Acromioclavicular Joint Disease (Osteolysis and Osteoarthritis)

The incidence of acromioclavicular joint disease as a cause of shoulder pain is higher than generally realized. The acromioclavicular joint is often ignored, to the point that it has been termed the “forgotten” or “overlooked” joint. Osteolysis and osteoarthritis are two of the most common causes of shoulder pain arising from the acromioclavicular joint.

Osteolysis

Destruction of bone (osteolysis) may be seen as the result of multiple localized or generalized conditions. Destruction of the distal end of the clavicle is not uncommon and may be idiopathic, posttraumatic, or caused by rheumatoid arthritis, hyperparathyroidism, metastatic disease, multiple myeloma, primary osteolysis syndromes, and infection.

Posttraumatic osteolysis deserves special attention because of its relative frequency as a cause of debilitating pain and painful shoulder motion and because very often it is unrecognized. This entity can occur after a single or multiple episodes of minimal or major injury to this region. Most important is the recognition that posttraumatic osteolysis can occur without an obvious acute or known traumatic episode, and in those situations it is thought to be due to repetitive stress, as seen in weightlifters, judo practitioners, and pneumatic tool workers. The pathogenesis is poorly understood, and several theories have been formulated, including a neurologic and/or vascular mechanism, hyperemia, and autonomic phenomenon.
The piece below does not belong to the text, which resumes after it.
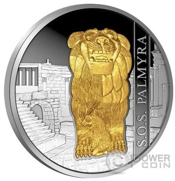 Gilded lion with Palmyra ruins.
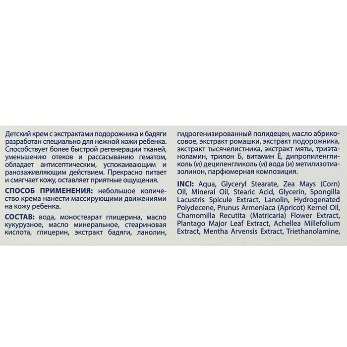 Детский крем с экстрактами подорожника и бадяги разработан специально для нежной кожи ребёнка. Средство ускоряет восстановление тканей, уменьшает отёки и устраняет гематомы. Обладает антисептическим, успокаивающим и ранозаживляющим действием. Питает и смягчает кожу.

More recently it has been proposed that osteolysis may be the result of a reactive process originating in the synovium or a subchondral fracture.

When it is advanced, resorption of the distal clavicle may be easily recognized radiographically ( Fig. 5-6 ), with loss of up to 3 cm of bone and widening of the acromioclavicular joint. However, the radiologist should focus on identifying early signs, because immobilization seems to diminish the amount of bone loss and shorten the natural course of the lytic phase. Early radiographic signs include soft tissue swelling, demineralization, and loss of the subarticular sclerotic cortex at the distal end of the clavicle. MRI findings usually precede radiographic findings. Initially periarticular soft tissue swelling/edema is present, and a bone marrow edema pattern may be evident. The marrow signal abnormality can be limited to the distal end of the clavicle or involve the acromion as well, albeit to a lesser degree. An associated joint effusion may be present, although this finding is variable. The disease process then progresses to bone erosion and frank destruction. Other MRI findings include cortical irregularity, subchondral erosion or cystic changes, and a subchondral line suggestive of a subchondral fracture.